I'm not sure one can describe the 'conciousness' of the "unconscious" mind, as you have. Another way of looking at it is that the problem is one of accessing stored information, as opposed to distinguishing between subconcious/repressed/conscious. Memory enhancement programs often discuss this issue--they make an analogy to a messy file cabinet, and argue that one can retrieve memorized data better by developing a 'better file system'. In other words, focusing on the question of accessing stored information that's always there in pristine form.
I personally am not fully convinced of the distraction hypothesis, as you know. I know it's a subtle distinction, but i think it could just as easily be described as something that doesn't necessarily distract, but which occupies our thoughts. This is more in line with the Scott Brady metaphor of a volcano erupting. The eruption is most definitely a distraction, but that's not the purpose of the eruption, its simply a consequence of a build-up of repressed emotions. |
gezondheid |
Posted - 10/19/2007 : 12:38:10 Shawn,
I think not all of these emotions/feelings/thoughts that are down there sill have the same loading like on the moment they were generated. They have different levels. The ones that are acknowledged and worked through will not cause much trouble. By consciously dealing with them the loading gets much lesser. The memory is still there, you can even recall the feeling but the major conflict is almost gone.
Of course a lot has never found recognition and in that category lives your potential TMS snake. But not all the time. If that should be the case then we would all be totally lost. We all have had enough problems to keep us TMS busy for the rest of our lives.
The way i see it is that the external pressures start to shoot their arrows (by tuningfork principal) at your personality traits or stir up the "sleeping" emotions. In that case the party begins. Pressures can be anything, to busy, to quiet etc. If you can't handle the situation your framework starts to shuffle. By repression you start to blow yourself up.
As you said it is a combination of things. Trigger in my opinion is the momentum of pressure.
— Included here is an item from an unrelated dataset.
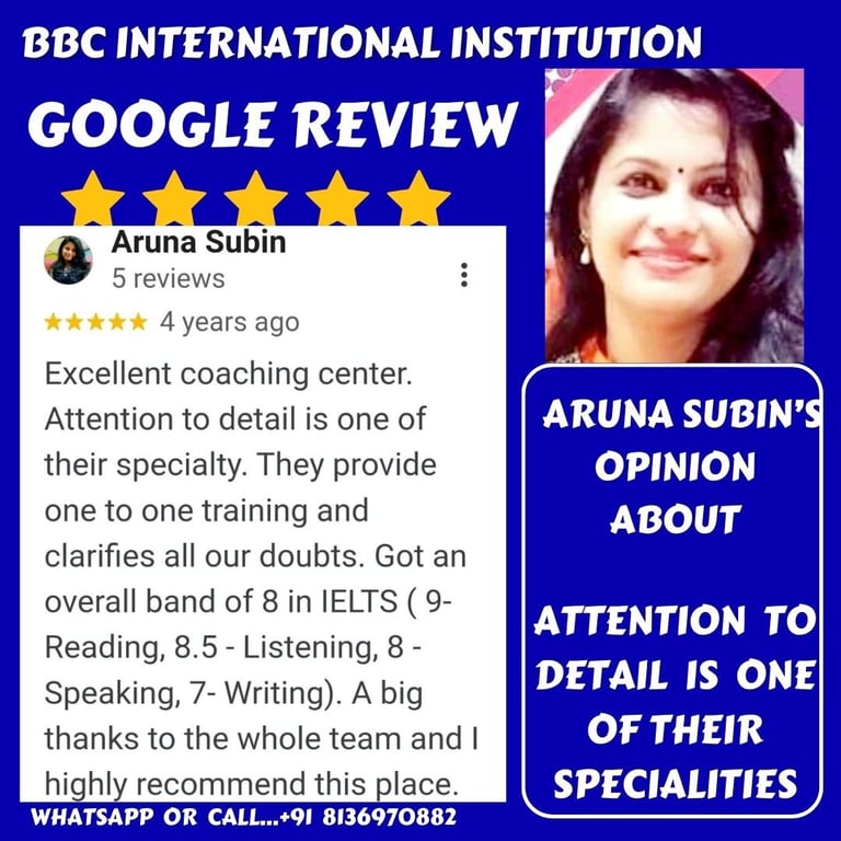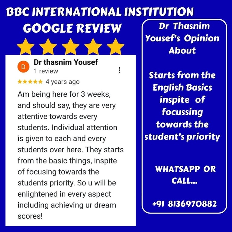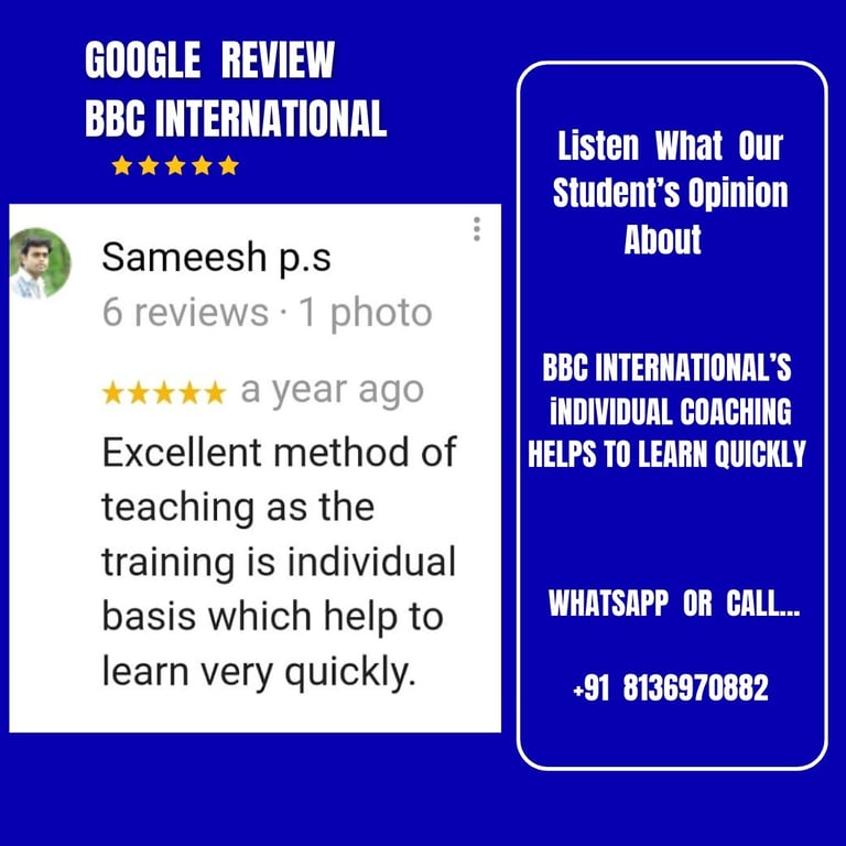 CLICK TO ZOOM EACH PICTURE TO READ GOOGLE REVIEWS OF OUR SISTER CONCERN - BBC INTERNATIONAL INSTITUTION

It enters your system and by recognition it starts to party with your temper or obsessions and on the way picks up an emotion that is repressed and still is waiting for acknowledgment.
So i don't think that all the emotions in the unconscious have the same impact. The unconscious is also a place where a lot of our history should stay. Thats a part of its function.
Maybe later more. I think this very useful. We can force ourselves to think at different ways about mindbodymedicine.